Who said that the brain doesn’t regenerate? Well, it was the neuroscience Dogma as far back as philosophy. But, not in certain quarters; Santiago Ramon y Cajal (1852-1934), widely believed to be the father of modern neuroscience in his treatise ‘Degeneration and Regeneration of the Nervous System’, alludes to the potential of the brain to regenerate in the ‘general theoretical interpretation of the phenomena of nervous regeneration’.
He noted two important things: 1) Law of continuous growth or the tendency of the axon to grow constantly in a longitudinal direction, and 2) The longitudinal growth of nerve fibres is especially localized in their free ends, where the cone of growth is situated, a constant organ of the axon in embryos as well as in nerves undergoing pathological regeneration. In short, the terminal axon/neuron is differentiated in a special way to facilitate the growth, create exploratory sprouts and orient the axon suitably in space.
What he didn’t know at the time was that situated within and near the growth cone are special proteins that elongate and orient the axon – unimaginatively termed growth cone proteins!
As part of my side job, I’ve been looking at these in MS for the past 10 years and am now writing down here some of my observations.
The protein that drew my interest was NCAM (or neural cell adhesion molecule). It is found mainly in the nervous system, normally in the transmembrane or attached to the surface of the axon. Neuroscientists have been researching NCAM for decades. An MS researcher, Angelo Massaro, felt that NCAM had an important role to play in CNS remyelination. He even found that levels of NCAM were boosted in the CSF of MS patients receiving corticosteroids during a relapse!
Using CSF analysis, I found that NCAM was also less abundant in neurodegenerative conditions, such as Alzheimer’s disease, Parkinson’s disease, motorneurone disease. Levels by comparison were much higher in those without a neurological disorder. This led me to postulate that the soluble version of NCAM found in the CSF must be acting as trophic factor for axons/neurons creating environment favorable for growth/plasticity.
What surprised me was that levels of NCAM in the CSF dropped serially from CIS (first presentation), through RRMS, and into SPMS. Since, I published my observations, others have also found the same though not in all instances (different primary antibodies in their assays)! But, what has been annoying me to date like a festinating thorn in a hard to reach place, was whether you could boost CSF NCAM levels through treatment? Trying to find collaborators from pharma who were willing to test their drugs on this proved impossible. That was not until Prof Jan Lycke’s group from Sweden suggested that they have serial CSF’s before and after natalizumab, fingolimod and mitoxantrone treatments an year apart, and were willing to collaborate.
The samples were analyzed blinded (i.e. not knowing the timing of the samples or their treatments) and you can see the remarkable findings below in the figures.
I will leave you to interpret these findings on your own…
Acta Neurol Scand. 2019 Jan 18. doi: 10.1111/ane.13069. [Epub ahead of print]
Cerebrospinal fluid NCAM levels are modulated by disease modifying therapies.
Axelsson M, Dubuisson N, Novakova-Nyren L, Malmeström C, Giovannoni G, Lycke J, Gnanapavan S
Little is known about what leads to recovery between relapses in multiple sclerosis (MS), particularly following treatment. In the past, it has been demonstrated thatsoluble neural cell adhesion molecule (sNCAM), a putative biomarker of neuroplasticity, increased following steroid treatment in the CSF of MS subjects undergoing acute relapses. Taking this a step further, we have evaluated the effect of disease-modifying treatment (DMTs) on CSF sNCAM levels in various subtypes of MS.

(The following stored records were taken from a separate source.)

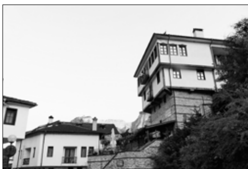
Ons hooggelegen verblijf in Melnik, foto Roel Pannekoek

Melnik is gelegen in de zuidelijke uitlopers van het Piringebergte. Het is een dorp met authentieke hoge huizen in typische Bulgaarse bouwstijl en valt onder beschermd dorpsgezicht. Het ligt ingeklemd in een smalle kloof met aan beide zijden steile hellingen van gele zandsteen tot zo'n 100 meter hoog. Door het lintdorp loopt een berggrivertje dat de meeste tijd van het jaar droog staat. Vanwege het karakter van het dorp, de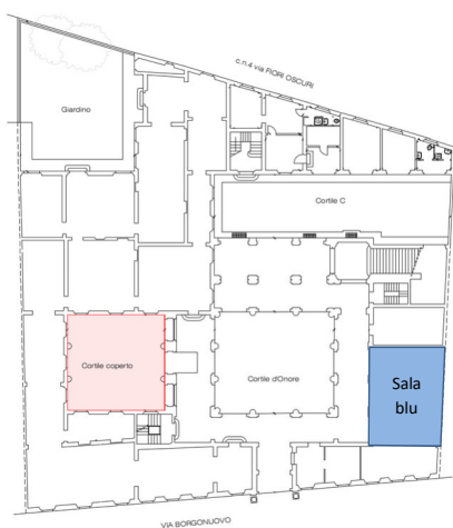
Piano terra – Sala espositiva vetrata – Sala blu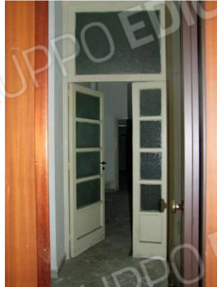
Figura 9 - Vista dall'ingresso verso la vetrata d'accesso al vano 1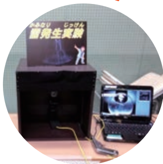
雷 (真空放電) を発生させて 観察するよ!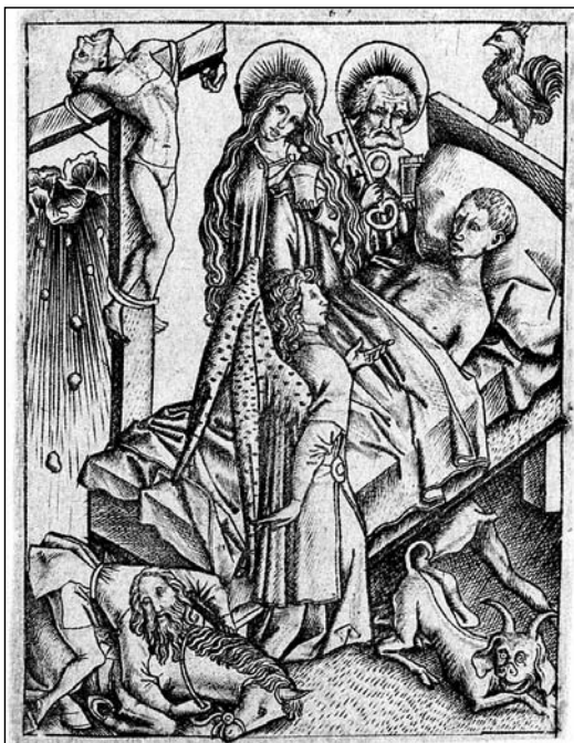
6. kép: Ars moriendi , 2/b tábla: 'A remény vigasztalása a kétségbeesés ellen' (E.S. mester, 1450 k.)

A sermónak ez a bevezető része sok szempontból rokonítható a Speculum 1. fejezetével. Luther is a halál értelmezésével, isteni rendbe illesztésével indítja a gondolatmenetet, és nála is az utóbbi alapozza meg a rémisztő kilátás átértékelését. Egyúttal ő is hangsúlyozza, hogy a meghalásra fel kell készülni: végső soron tehát az ő sermója is annak a lelkipásztori-teológiai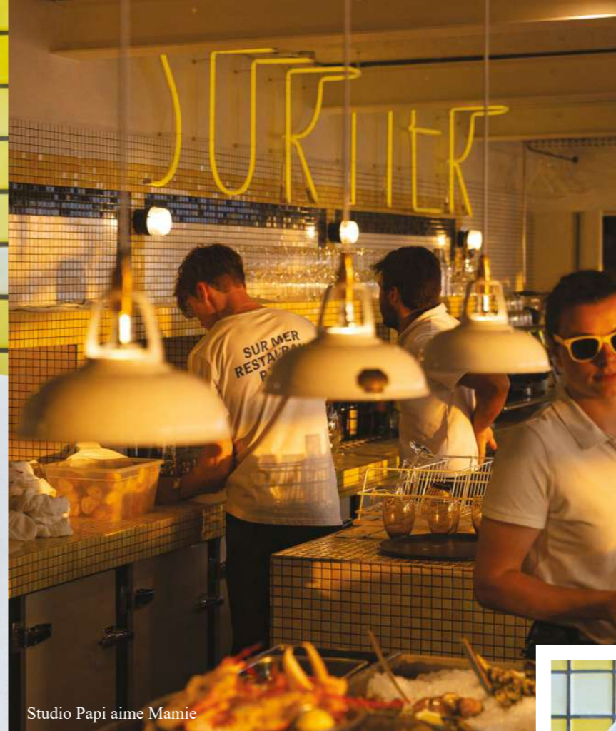
Studio Papi aime Mamie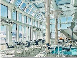
Pool Deck & The Grill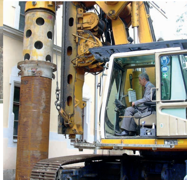
Der damalige Umweltminister Stanislaw Tillich beim Baustart

Insgesamt wurden in Grimma rund 57 Millionen Euro in den Hochwasserschutz investiert, finanziert aus Mitteln des Freistaates Sachsen, des Bundes sowie vom Europäischen Fonds für regionale Entwicklung (EFRE).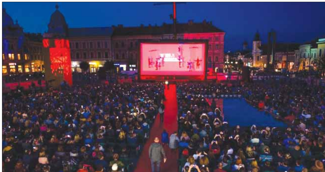
Lucrările unora dintre cei mai apreciați artiști autohtoni vor putea fi admirate în cadrul expozițiilor

Cu peste 200 de concerte în doar primii 6 ani de activitate, timișorenii de la Jazzy-BIT au bifat deja câteva dintre cele mai mari festivaluri de jazz din lume și s-au făcut auziți în 9 țări, pe 2 continente. Trio-ul loud jazz premiat în competiții de renume va seduce publicul cu o combinație energică de jazz și rock, presărată pe alocuri cu blues, latin și funk, miercuri seară, pe 30 mai, de la ora 21:00.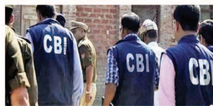
शामिल थे। सीबीआई के अनुसार, जांच में सामने आया है कि कुछ सरकारी अधिकारियों ने बैंक अधिकारियों के साथ मिलीभगत कर खातों को खुलवाने, धनराशि के हस्तांतरण और बाद में उसके दुरुपयोग

नई दिल्ली, 07 जून 2026। केंद्रीय अन्वेषण ब्यूरो (सीबीआई) ने आईडीएफसी फंड्स बैंक और एयू स्मॉल फाइनेंस बैंक से जुड़े सरकारी फंड के गबन के मामले में बड़ी कार्रवाई की है। एजेंसी ने दिल्ली-एनसीआर समेत छह जगहों पर छापे मारे। जांच के दौरान ऐसे सबूत मिले हैं, जिनसे पता चलता है कि सरकारी अधिकारियों ने बैंक अधिकारियों के साथ मिलकर अकाउंट खुलवाने, फंड ट्रांसफर करने और बाद में उसे दूसरी जगह भेजने में मदद की थी। तलाशी अभियान चंडीगढ़, पंचकुला और दिल्ली-एनसीआर स्थित परिसरों में चलाया गया। इनमें हरियाणा कैडर के सीनियर सरकारी अधिकारियों और विपम कंसल्टेंसी प्राइवेट लिमिटेड और उसके डायरेक्टर के घर और ऑफिस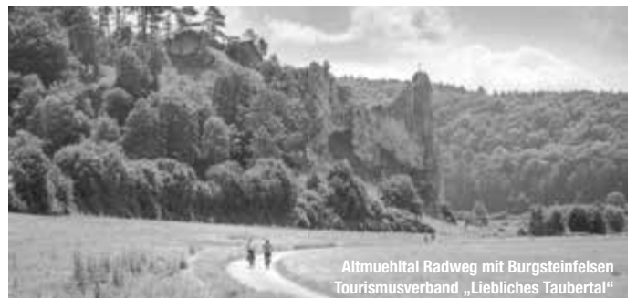
Altmühltal Radweg mit Burgsteinfelsen Tourismusverband „Liebliches Taubertal“

Entspannt radeln, die Naturvielfalt zwischen sonnigen Wacholderheiden, Felstürmen und lichten Wäldern auf verschiedenen Touren erleben und abends immer wieder in derselben gemütlichen Unterkunft ankommen – so ist es vielen Genussradlern am liebsten. Für sie hat der Naturpark Altmühltal, die abwechslungsreiche Radregion in der Mitte Bayerns, jetzt 15 neue Rundtouren konzipiert, die in der druckfrisch erhältlichen Karte „Radtouren – Tourenvielfalt und Altmühltal-Radweg erfahren“ verzeichnet sind.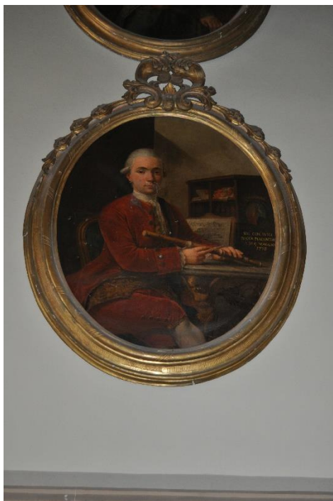
Prima del restauro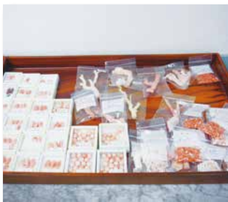
日本寶飾工藝學院 - 珊瑚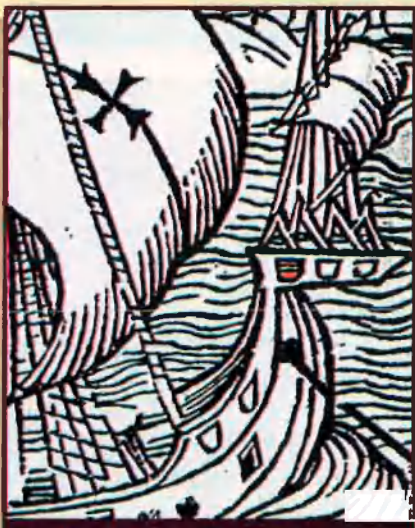
Nau d'En Colom. Lletra d'En Colom. 1494.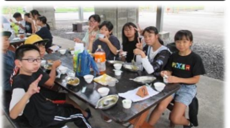
5年生が、「大杉みどりの里」(小松市)で宿泊体験学習をしました。岩魚つかみ、ウォークラリー、きもだめし、野外炊飯を体験し、自主・責任・協力の大切さを感じ、ひとまわり成長して帰ってきました。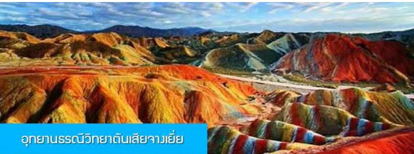
อุทยานธรณีวิทยาต้นเสี้ยวเจีย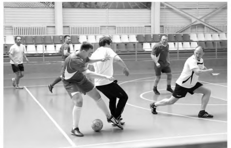
В Топках завершилось первенство по футболу

Победителем спартакиады стала команда комбината «Волна» – единственный участник, представленный во всех пяти дисциплинах. По результатам состязаний в копилку предприятия оказалось две золотых и две серебряных медали. Волновцам не было равных в мини-футболе и настольном теннисе, также им удалось завоевать второе место в стритболе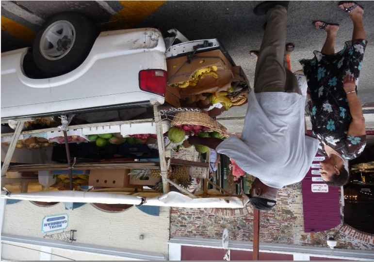
St. Thomas, Karibik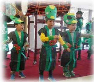
「よすけとかっぱ」 かっぱになって踊った園児 可愛かった♡

We measured CSF sNCAM levels at baseline and after 12-24 months of DMT in 69 patients, 49 relapsing-remitting MS (RRMS), 20 progressive MS(PMS), and 24 healthy controls (HC) using an in-house ELISA. Of this, 31 patients had received natalizumab, 17 mitoxantrone and 21 fingolimod. Changes in disability were measured using EDSS and disease severity by MSSS. In conjunction, CSF NfL levels were also measured.
At baseline, the mean sNCAM level was 268.7 ng/ml (SD 109 ng/ml) in MS patients compared with 340.6 ng/ml (SD 139 ng/ml) in HC, and PMS had significantly lower sNCAM (239.2 ng/ml, SD 123.0, p=0.019) compared to RRMS (269.4 SD 127.4, p=0.043). After natalizumab and mitoxantrone treatment, we observed an increase of mean sNCAM. However, in the fingolimod treated group, mean sNCAM decreased. There was no correlation was found with EDSS or MSSS, or NfL levels as a whole.
CSF sNCAM were found to be lower in MS than in HC and the lowest sNCAM levels were found in PMS. Following natalizumab and mitoxantrone treatment, we observed an elevation in sNCAM levels, an effect that was not observed following fingolimod treatment. These changes, however, did not appear to correlate with disability in the short-term or NfL levels.